In the entries below, find the line with "For Redmi 13" and the line with "International sales transactions"; reproduce those two lines and all lines between them exactly, without pictures.
Start of Provided records
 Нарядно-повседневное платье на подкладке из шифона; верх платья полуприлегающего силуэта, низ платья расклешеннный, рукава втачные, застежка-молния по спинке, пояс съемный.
End of Provided records
Start of Provided records
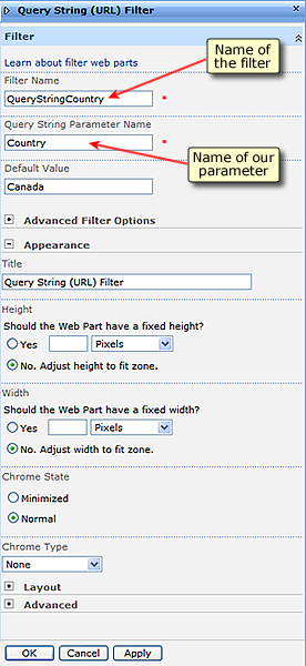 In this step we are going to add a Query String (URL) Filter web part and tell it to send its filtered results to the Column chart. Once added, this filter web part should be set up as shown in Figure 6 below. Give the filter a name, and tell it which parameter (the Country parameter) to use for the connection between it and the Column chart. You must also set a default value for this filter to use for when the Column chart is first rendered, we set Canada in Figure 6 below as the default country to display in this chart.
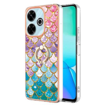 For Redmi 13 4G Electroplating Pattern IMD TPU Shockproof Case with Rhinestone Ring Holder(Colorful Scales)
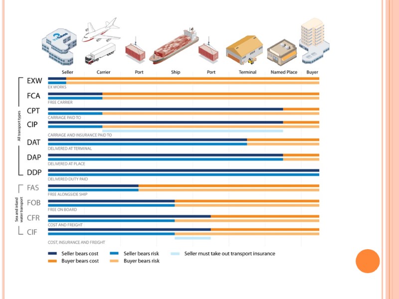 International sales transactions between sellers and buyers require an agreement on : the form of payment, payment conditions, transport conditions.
End of Provided records
Start of Provided records
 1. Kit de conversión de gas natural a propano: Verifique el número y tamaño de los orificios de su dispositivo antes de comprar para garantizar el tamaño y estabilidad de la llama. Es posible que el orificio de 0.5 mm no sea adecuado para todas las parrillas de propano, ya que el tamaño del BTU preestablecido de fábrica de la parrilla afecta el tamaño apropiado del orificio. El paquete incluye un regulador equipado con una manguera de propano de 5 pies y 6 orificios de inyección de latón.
End of Provided records
* Response to this exercise
 For Redmi 13 4G Electroplating Pattern IMD TPU Shockproof Case with Rhinestone Ring Holder(Colorful Scales)
 International sales transactions between sellers and buyers require an agreement on : the form of payment, payment conditions, transport conditions.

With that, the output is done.